Aim of the exercise:
Return the data below exactly, but only from the line containing "少々雰囲気が違って見えます。 3つともグループ展始まってすぐにポストカードにしました。 |" through the line containing "Stratigraphic sequence of", with both of those lines included.

++++ Input data

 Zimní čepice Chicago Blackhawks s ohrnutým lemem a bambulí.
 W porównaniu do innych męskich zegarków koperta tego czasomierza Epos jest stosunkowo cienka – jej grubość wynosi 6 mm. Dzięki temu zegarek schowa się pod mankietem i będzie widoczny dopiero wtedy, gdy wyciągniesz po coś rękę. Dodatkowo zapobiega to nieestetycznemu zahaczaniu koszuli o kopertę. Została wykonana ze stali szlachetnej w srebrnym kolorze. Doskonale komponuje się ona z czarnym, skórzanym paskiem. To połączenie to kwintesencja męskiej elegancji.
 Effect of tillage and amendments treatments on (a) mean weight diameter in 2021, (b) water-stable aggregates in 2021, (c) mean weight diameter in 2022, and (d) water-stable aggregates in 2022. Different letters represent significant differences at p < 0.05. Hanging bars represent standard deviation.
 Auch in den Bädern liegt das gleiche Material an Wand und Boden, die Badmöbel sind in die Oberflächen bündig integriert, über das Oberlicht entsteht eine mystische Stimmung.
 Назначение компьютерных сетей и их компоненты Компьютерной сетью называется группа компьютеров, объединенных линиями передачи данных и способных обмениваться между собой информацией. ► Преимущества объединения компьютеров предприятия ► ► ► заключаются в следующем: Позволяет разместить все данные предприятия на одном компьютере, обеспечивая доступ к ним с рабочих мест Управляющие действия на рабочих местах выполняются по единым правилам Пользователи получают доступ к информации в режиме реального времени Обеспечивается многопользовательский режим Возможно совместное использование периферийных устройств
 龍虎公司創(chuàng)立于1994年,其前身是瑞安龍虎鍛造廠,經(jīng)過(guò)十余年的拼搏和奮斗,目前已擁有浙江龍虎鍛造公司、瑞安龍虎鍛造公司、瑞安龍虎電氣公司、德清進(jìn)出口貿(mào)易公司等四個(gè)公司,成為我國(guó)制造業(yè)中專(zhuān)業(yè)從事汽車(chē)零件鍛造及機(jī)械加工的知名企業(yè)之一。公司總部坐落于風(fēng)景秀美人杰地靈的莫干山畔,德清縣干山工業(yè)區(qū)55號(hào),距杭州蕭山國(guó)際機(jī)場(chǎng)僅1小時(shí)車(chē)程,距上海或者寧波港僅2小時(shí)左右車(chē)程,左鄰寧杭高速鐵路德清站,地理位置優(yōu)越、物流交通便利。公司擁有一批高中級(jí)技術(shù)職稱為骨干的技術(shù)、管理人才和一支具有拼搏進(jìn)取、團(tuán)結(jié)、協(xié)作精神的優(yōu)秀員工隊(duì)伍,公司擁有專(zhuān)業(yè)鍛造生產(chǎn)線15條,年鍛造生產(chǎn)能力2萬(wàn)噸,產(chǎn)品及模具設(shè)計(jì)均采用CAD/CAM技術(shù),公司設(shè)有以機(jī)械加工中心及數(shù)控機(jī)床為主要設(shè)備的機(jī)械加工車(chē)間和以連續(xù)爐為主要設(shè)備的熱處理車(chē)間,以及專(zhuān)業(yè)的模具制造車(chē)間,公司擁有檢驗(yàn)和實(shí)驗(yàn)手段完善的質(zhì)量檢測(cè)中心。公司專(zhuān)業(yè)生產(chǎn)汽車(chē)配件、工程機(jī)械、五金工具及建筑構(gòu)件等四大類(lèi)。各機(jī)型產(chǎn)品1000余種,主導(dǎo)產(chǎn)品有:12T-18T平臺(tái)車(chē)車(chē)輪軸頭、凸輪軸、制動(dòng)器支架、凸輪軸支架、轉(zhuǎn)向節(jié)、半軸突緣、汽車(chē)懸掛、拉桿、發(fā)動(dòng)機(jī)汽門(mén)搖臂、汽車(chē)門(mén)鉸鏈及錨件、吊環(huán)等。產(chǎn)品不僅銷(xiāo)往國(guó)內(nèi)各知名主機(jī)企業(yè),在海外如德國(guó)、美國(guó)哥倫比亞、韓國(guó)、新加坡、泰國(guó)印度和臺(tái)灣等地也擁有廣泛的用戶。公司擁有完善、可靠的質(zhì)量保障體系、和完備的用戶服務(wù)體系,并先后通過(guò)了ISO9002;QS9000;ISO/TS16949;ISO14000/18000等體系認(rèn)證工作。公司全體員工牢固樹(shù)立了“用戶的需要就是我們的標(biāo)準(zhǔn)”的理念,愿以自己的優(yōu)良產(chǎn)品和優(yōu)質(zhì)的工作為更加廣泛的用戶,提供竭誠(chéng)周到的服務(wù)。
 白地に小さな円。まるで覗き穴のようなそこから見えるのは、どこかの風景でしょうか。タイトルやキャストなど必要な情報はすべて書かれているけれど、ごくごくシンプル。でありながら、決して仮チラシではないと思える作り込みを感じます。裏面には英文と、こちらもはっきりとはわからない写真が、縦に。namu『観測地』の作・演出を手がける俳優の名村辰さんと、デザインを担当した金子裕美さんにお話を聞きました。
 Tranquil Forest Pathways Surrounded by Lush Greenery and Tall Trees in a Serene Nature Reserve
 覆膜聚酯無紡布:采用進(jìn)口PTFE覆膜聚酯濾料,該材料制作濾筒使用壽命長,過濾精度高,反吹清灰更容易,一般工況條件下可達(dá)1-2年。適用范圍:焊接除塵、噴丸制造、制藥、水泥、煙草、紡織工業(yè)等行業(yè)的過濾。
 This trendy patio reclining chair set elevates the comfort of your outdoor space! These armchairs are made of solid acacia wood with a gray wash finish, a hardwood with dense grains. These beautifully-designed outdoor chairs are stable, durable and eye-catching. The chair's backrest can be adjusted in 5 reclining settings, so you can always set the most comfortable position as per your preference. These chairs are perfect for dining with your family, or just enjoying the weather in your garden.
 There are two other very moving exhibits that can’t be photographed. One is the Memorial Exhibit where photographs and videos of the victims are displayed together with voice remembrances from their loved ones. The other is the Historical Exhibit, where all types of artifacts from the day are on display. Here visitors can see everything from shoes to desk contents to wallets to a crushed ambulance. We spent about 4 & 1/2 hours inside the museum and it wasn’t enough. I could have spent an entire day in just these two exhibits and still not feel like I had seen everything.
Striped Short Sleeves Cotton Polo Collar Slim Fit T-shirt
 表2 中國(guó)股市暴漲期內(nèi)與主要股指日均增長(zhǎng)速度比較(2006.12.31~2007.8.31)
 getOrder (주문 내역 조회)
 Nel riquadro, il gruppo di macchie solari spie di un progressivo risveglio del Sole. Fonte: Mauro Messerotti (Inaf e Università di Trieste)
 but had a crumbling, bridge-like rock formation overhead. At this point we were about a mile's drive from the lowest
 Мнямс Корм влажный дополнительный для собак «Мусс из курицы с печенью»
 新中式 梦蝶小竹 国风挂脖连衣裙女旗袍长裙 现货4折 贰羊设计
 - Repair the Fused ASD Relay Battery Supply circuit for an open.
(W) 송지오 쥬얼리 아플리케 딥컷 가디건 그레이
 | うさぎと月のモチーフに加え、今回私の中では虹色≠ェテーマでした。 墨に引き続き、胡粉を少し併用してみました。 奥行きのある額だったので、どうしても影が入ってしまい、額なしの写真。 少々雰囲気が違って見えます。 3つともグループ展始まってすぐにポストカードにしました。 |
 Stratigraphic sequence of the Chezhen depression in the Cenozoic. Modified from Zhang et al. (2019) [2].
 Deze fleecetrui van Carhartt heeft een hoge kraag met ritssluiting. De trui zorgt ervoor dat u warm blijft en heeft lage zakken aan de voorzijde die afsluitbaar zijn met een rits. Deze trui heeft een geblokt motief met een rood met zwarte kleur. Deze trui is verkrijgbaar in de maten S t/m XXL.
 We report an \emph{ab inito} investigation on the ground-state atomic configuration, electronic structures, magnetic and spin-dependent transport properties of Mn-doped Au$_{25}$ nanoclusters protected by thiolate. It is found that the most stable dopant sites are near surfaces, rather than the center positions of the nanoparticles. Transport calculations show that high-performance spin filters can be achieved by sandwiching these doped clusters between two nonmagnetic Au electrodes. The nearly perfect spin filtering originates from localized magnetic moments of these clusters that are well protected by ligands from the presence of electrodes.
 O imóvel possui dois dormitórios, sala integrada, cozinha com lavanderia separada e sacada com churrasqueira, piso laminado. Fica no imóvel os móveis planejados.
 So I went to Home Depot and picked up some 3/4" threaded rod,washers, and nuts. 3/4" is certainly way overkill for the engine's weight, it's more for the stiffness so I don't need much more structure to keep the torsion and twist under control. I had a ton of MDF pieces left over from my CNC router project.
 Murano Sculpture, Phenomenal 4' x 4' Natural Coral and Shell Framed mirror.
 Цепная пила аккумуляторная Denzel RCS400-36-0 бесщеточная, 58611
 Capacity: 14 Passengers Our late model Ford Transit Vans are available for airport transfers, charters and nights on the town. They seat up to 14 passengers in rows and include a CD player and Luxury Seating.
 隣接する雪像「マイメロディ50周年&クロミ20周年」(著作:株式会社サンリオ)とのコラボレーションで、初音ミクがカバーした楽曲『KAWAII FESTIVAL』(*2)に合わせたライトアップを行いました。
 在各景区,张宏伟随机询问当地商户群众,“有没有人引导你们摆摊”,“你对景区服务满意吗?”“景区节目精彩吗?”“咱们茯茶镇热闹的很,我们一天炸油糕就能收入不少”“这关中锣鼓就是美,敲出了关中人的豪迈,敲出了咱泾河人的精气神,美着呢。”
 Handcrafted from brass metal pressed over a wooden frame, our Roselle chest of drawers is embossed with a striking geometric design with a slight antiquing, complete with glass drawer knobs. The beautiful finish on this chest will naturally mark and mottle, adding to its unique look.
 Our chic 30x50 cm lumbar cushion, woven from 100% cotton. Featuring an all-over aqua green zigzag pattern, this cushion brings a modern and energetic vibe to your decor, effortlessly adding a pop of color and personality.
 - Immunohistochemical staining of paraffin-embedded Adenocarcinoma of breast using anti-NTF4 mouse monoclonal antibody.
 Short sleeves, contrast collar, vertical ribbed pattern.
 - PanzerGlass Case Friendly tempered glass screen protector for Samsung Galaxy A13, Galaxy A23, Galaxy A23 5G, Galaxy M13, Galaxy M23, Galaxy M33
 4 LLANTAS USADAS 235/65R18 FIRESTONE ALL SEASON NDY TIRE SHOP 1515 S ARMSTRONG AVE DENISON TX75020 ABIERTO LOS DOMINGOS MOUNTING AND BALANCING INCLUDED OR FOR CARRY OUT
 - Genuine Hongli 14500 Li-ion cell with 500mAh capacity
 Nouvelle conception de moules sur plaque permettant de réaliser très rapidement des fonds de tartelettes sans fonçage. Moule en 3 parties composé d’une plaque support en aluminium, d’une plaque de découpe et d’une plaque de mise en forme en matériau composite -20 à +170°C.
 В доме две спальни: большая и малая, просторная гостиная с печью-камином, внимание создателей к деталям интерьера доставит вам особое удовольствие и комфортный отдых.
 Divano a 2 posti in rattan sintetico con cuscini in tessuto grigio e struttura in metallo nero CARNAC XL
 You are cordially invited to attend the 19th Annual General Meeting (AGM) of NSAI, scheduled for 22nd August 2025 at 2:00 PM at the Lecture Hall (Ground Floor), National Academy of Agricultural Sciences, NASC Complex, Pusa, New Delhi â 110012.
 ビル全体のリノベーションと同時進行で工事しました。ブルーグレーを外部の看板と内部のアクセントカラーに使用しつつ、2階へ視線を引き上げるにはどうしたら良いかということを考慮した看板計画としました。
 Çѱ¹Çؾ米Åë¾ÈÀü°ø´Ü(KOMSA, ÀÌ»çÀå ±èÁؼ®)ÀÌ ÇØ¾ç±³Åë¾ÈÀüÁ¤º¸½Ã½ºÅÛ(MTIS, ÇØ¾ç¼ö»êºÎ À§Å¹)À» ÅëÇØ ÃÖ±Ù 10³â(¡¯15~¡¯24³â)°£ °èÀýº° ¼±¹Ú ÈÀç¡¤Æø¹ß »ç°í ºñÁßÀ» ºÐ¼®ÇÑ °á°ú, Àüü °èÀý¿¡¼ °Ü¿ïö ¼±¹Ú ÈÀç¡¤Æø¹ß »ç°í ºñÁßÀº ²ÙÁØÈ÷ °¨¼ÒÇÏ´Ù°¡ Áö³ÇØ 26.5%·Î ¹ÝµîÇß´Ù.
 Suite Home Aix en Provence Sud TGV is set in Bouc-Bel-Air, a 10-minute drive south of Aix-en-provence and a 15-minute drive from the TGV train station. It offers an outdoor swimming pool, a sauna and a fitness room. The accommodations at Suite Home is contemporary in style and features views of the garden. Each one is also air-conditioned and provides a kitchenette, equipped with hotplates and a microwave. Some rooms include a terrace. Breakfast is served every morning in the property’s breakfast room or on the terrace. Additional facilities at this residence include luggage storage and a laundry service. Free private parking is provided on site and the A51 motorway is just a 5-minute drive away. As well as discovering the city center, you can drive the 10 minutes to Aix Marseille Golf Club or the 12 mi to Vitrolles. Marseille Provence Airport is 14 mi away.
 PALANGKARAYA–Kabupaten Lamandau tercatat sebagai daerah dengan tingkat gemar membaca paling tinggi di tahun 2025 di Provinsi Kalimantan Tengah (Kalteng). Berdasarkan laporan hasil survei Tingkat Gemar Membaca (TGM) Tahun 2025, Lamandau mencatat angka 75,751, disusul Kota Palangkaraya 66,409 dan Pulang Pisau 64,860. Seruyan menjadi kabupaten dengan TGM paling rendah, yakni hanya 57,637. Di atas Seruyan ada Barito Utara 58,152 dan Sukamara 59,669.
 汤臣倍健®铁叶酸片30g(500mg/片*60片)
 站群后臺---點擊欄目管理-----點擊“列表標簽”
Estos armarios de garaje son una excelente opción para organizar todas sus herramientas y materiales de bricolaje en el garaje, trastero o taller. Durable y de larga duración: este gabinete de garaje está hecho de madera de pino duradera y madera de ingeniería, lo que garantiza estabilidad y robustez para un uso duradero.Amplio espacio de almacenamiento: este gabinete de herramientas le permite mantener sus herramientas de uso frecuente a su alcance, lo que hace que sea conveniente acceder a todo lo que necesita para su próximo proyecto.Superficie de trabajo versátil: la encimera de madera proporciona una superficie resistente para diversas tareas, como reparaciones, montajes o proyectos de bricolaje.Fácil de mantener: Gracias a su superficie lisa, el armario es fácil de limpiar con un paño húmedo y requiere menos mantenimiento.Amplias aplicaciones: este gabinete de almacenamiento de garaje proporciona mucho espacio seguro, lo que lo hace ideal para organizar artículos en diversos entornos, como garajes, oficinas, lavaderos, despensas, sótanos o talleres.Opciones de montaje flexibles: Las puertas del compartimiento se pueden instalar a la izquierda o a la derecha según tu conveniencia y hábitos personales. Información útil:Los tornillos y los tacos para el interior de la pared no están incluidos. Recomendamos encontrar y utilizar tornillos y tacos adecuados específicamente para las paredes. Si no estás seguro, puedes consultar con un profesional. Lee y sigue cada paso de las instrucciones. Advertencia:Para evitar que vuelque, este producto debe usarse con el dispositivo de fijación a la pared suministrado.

++++++++

Output for this exercise:
 | うさぎと月のモチーフに加え、今回私の中では虹色≠ェテーマでした。 墨に引き続き、胡粉を少し併用してみました。 奥行きのある額だったので、どうしても影が入ってしまい、額なしの写真。 少々雰囲気が違って見えます。 3つともグループ展始まってすぐにポストカードにしました。 |
 Stratigraphic sequence of the Chezhen depression in the Cenozoic. Modified from Zhang et al. (2019) [2].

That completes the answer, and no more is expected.